Спустя три дня Сергей Бабкин положил на стол тоненькую папку.
– Все, что удалось найти, – пожал он плечами в ответ на вопросительный взгляд Макара.
– Антон Иванович Мансуров, двадцать девять лет, воспитанник детского дома в Щедровске, – читал Илюшин. – Это где такой город?
– Сорок километров от Костромы. Если ты спросишь меня, где Кострома, я ударю тебя в живот.
– У меня нет живота, – обиженно пробормотал Илюшин, но на всякий случай отодвинулся. – Так, так… это ясно… это мы уже знали… Технический колледж, бывший монтажный техникум… О, перевелся в Политех! Дельный парень, хвалю. Женился, переезжал из города в город, добрался до Москвы… Мелкий предприниматель, сам перегонял машины и перепродавал, затем открыл мастерскую. Место удачное, дело быстро пошло… Через год – вторая, и в июне две тысячи восемнадцатого купили дом в Арефьево. Так, а что с супругой?
– Страницу переверни.
– А, вижу. Наталья Белоусова, родилась и выросла в Щедровске, старший брат – Максим Белоусов, пропал без вести в две тысячи шестом. Мать умерла через год после ее рождения. Отец погиб в том же две тысячи шестом… Ограбление?
– Ограбление и убийство. Убийцу взяли, он сидит.
– Так, а осиротевшая Белоусова закончила медицинский колледж в Костроме, вышла замуж за Мансурова и переехала в Москву. Родила дочь в две тысячи тринадцатом. Домохозяйка. Это точно все?
– Что тебе еще нужно? Обычная семья, каких тысячи.
– Ага. А на досуге глава семьи увлекается сбором бледных поганок.
– Ты зря не поинтересовался, была ли Бережкова
– Убедил! – Илюшин захлопнул папку. – Отправляйся в Арефьево, понаблюдай за нашим героем.
Бабкин закатил глаза.
– Ты еще в обморок брякнись, – ласково посоветовал Макар. – Помнишь, Луиза Лавальер у Дюма только и делала, что теряла сознание, когда ей не хотелось с кем-то общаться?
– Если бы я следовал ее примеру, я бы из обморока вообще не выходил, – с той же интонацией ответил Бабкин. – Так бы и лежал у тебя на ковре, раскинувшись.
– Какое мерзкое зрелище!
– Кстати, никакой Луизы Лавальер я не припомню.
– Фаворитка короля. Три года твержу: читай продолжение «Трех мушкетеров». «Двадцать лет спустя», «Виконт де Бражелон»… Ах, поистине великая сага!
– Великая Сага – это Сага Норен, – буркнул Бабкин. – Все, я поехал в Арефьево.
Илюшин одобрительно посмотрел на него:
– Я вижу, пристрастие Маши к сериалам не прошло для тебя бесследно. «Мост» ты уже изучил.
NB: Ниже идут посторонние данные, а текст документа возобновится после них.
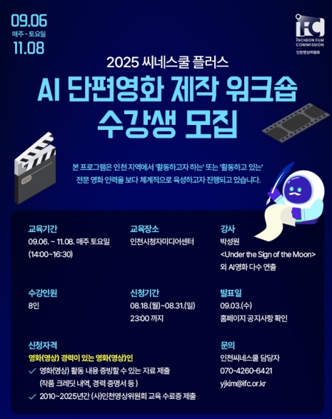 [서울시티 김청월 기자] 2025년 8월 14일 -- 인천영상위원회가 오는 18일부터 인천의 영화·영상인을 대상으로 ‘AI 단편영화 제작 워크숍’ 수강생을 모집한다.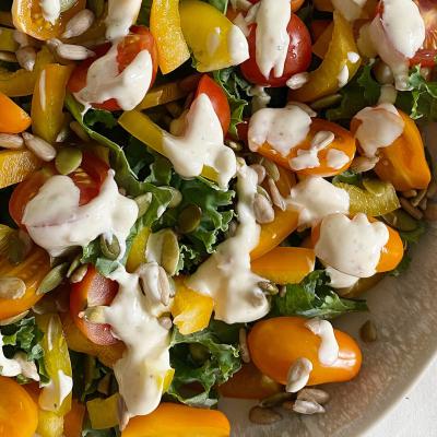Soak the cashews overnight, then the next day blend all the ingredients in a blender until smooth. Also soak the seeds for 3-4 hours. Chop the kale, cut the tomatoes and peppers. Put the vegetables in a salad bowl, sprinkle with the soaked seeds on top, and pour on the cashew sauce. Add salt and pepper to taste.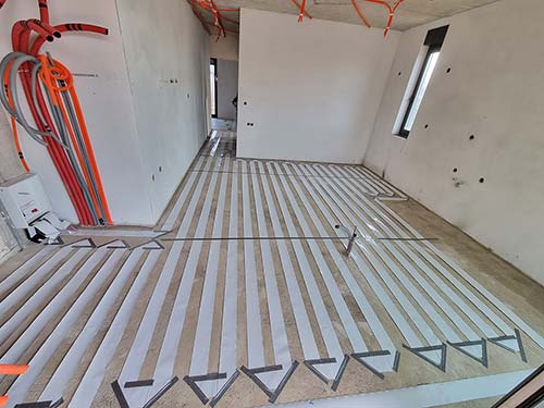 Na slici ispod prikazan je primjer ugradnje sustava podnog grijanja, u ovom slučaju na betonsku ploču s toplinskom izolacijom, tankim završnim slojem betona i podnom oblogom.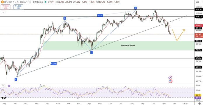 Bitcoin price continues to face strong selling pressure as it trades near $91,000 with a corrective ABCD pattern forming on the daily chart. This harmonious structure – known as the harmony of the range of price movements – indicates the possibility of the trend ending near $83,800, a key area of demand that has already spurred strong rebounds in early 2024.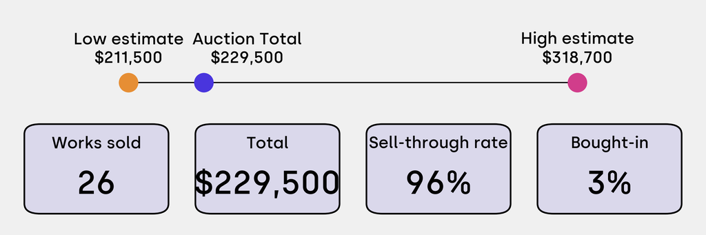1 work was bought-in: Helena Sarin, OM: Mediations of the GAN Artist (2019), estimated at $8,000 (low) to $12,000 (high). It has been traded 7 times in the past.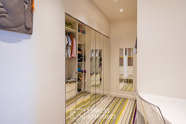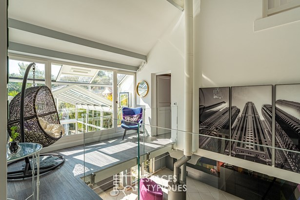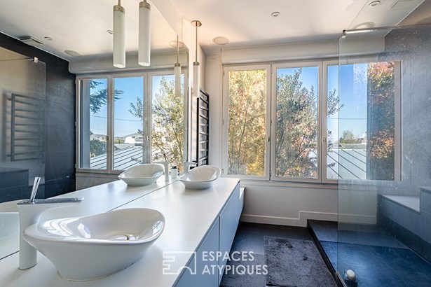 Completely redesigned in 2000 to expand with a very large veranda, this house now benefits from a 92 sqm living room, air-conditioned, with well-defined spaces, living and dining room under the glass roof, TV lounge and US kitchen with its pantry/laundry room. The light provided by the glass roof and its high ceilings make it a room with generous volumes, which opens onto the terrace and the landscaped garden.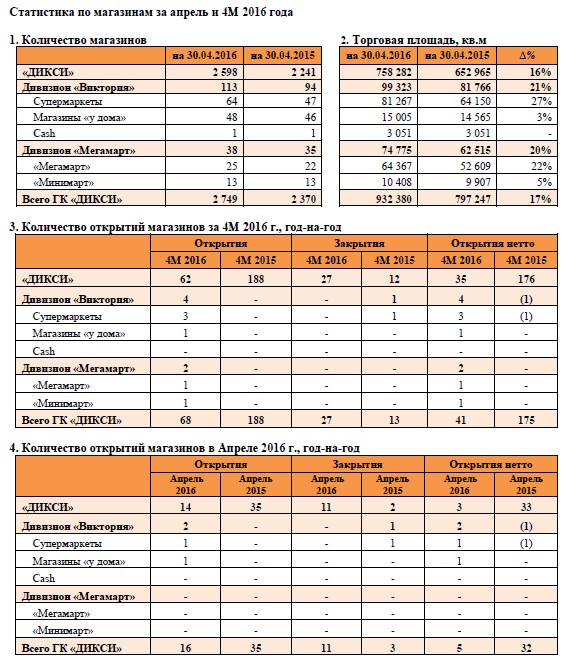 По состоянию на 30 апреля 2016 года Компания управляла 2 749 магазинами, включая 2 598 магазинов "у дома" "ДИКСИ", 112 магазинов "Виктория", 1 магазин Cash и 38 компактных гипермаркетов "Мегамарт" и "Минимарт".
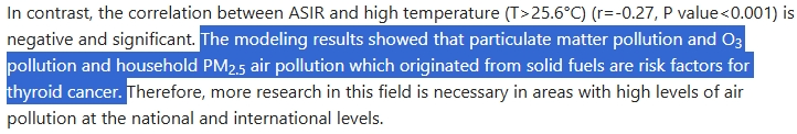 模型结果表明,源自固体燃料的颗粒物污染、臭氧污染和室内PM₂.₅污染是甲状腺癌的危险因素
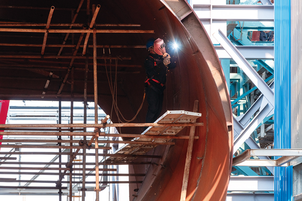 圖為施工人員焊接燒結煙氣風管。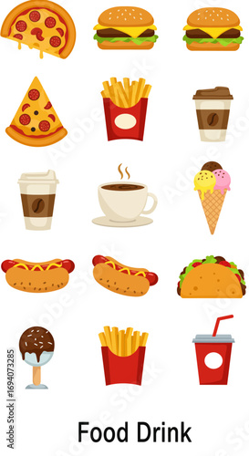 Collection of various food and drink items, including pizza, burgers, fries, coffee, ice cream, hot dogs, and tacos.

Хочешь, расскажу, чем кончится «Игра престолов»?
– Я тебя тогда распилю на части и выложу из них сложную фигуру на Крымском мосту, – пообещал Бабкин. – Уверен, что не поедешь со мной в Арефьево?
– Один справишься. К тому же я страшно занят.
Когда дверь за напарником закрылась, Илюшин посвистел себе под нос, повторил: «Страшно, страшно занят!» – и включил сериал «Мост».
В поселок Сергей Бабкин въехал не на своей машине, рассудив, что черный внедорожник будет бросаться в глаза, а на арендованном «Хендае». После десяти километров проселочной дороги седан покрылся густым слоем мягкой, как пух, пыли.
Арефьево было названо так же, как деревня, неподалеку от которой в тридцатых годах и выделили территорию под мосфильмовские дачи. Бабкин оставил машину перед магазином, а сам пошел по главной улице, крутя головой. Таких мест в Подмосковье он, пожалуй, не встречал.
Здесь сохранились старые дома, выстроенные больше полувека назад. Актерские дачи – с мезонинами, с балконами, с просторными верандами, опоясывающими постройки, и флигелями. «Неплохо жили», – подумал Бабкин, помнивший унылые бабушкины рассказы о садовом товариществе. Высокие сосны, роняющие негустую тень, яблоневые сады, сирень за легкими палисадами.
Здесь хватало и угрюмых каменных коттеджей, выстроенных по проектам бездарных архитекторов. Большие участки распродавались наследниками, порезанные на куски, как пирог, и на каждом куске возводились новыми владельцами аляповатые замки и крепости.